The example you gave above is safe as there are no variable arguments to printf. However it is possible to specify a format string and supply variables that do not match up with the format, which can deliver unexpected (and unsafe) results. Some compilers are taking a more proactive approach with printf use case analysis, but even then one should be very, very careful when printf is used.
From my man page:
These functions return the number of characters printed (not including
the trailing \0 used to end output to strings) or a negative value
if an output error occurs, except for snprintf() and vsnprintf(), which
return the number of characters that would have been printed if the n
were unlimited (again, not including the final \0).
So, it sounds like the can fail with a negative error.
Yes, output to stdout in C (using printf) is normally line buffered. This means that printf() will collect output until either:
the buffer is full, or
the output contains a \n newline
If you want to force the output of the buffer, call fflush(stdout). This will work even if you have printed something without a newline.
Also printf and friends can fail.
Common implementations of C call malloc() in the printf family of the stdC library.
malloc can fail, so then will printf. In UNIX the write() call can be interrupted by EINTR, so context switching in UNIX will trigger faults (EINTR). Windows can and will do similar things.
And... Although you do not see it posted here often you should always check the return code from any system or library function that returns a value.
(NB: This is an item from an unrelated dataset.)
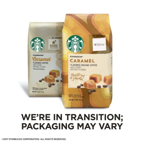 Details Ingredients GROUND COFFEE, NATURAL FLAVORS. Product features So simple. So sweet. Caramel flavor adds just the right touch of richness to this medium-roast coffee. Create moments to savor with every single-serving cup, from the brewing aroma to the very last sip. Add some tasty fun to your cup before brewing: marshmallows, almond extract or hot chocolate mix. Starbucks Caramel Flavored Coffee has a smooth, medium-roasted coffee with buttery caramel flavor to satisfy sweet cravings Starbucks flavored coffees have the natural, café-inspired flavors you love Enjoy the Starbucks coffee you love without leaving the house For finest taste, use cold, filtered water and store ground coffee in a cool, dark place Each pack includes an 11-ounce bag of ground Starbucks coffee Special Features With other natural flavors
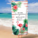 Toalha De Praia Flamingo Rosa Folhas Tropicais Listras Lua de Mel

Like that, no. It won't always work as you expect, especially if you're using user input as the format string. If the first argument has %s or %d or other format specifiers in it, they will be parsed and replaced with values from the stack, which can easily break if it's expecting a pointer and gets an int instead.
This way tends to be a lot safer:
printf("%s", "....");
The output buffer will be flushed before exit, or before you get input, so the data will make it regardless of whether you send a \n.
printf could fail for any number of reasons. If you're deep in recursion, calling printf may blow your stack. The C and C++ standards have little to say on threading issues and calling printf while printf is executing in another thread may fail. It could fail because stdout is attached to a file and you just filled your filesystem, in which case the return value tells you there was a problem. If you call printf with a string that isn't zero terminated then bad things could happen. And printf can apparently fail if you're using buffered I/O and your buffer hasn't been flushed yet.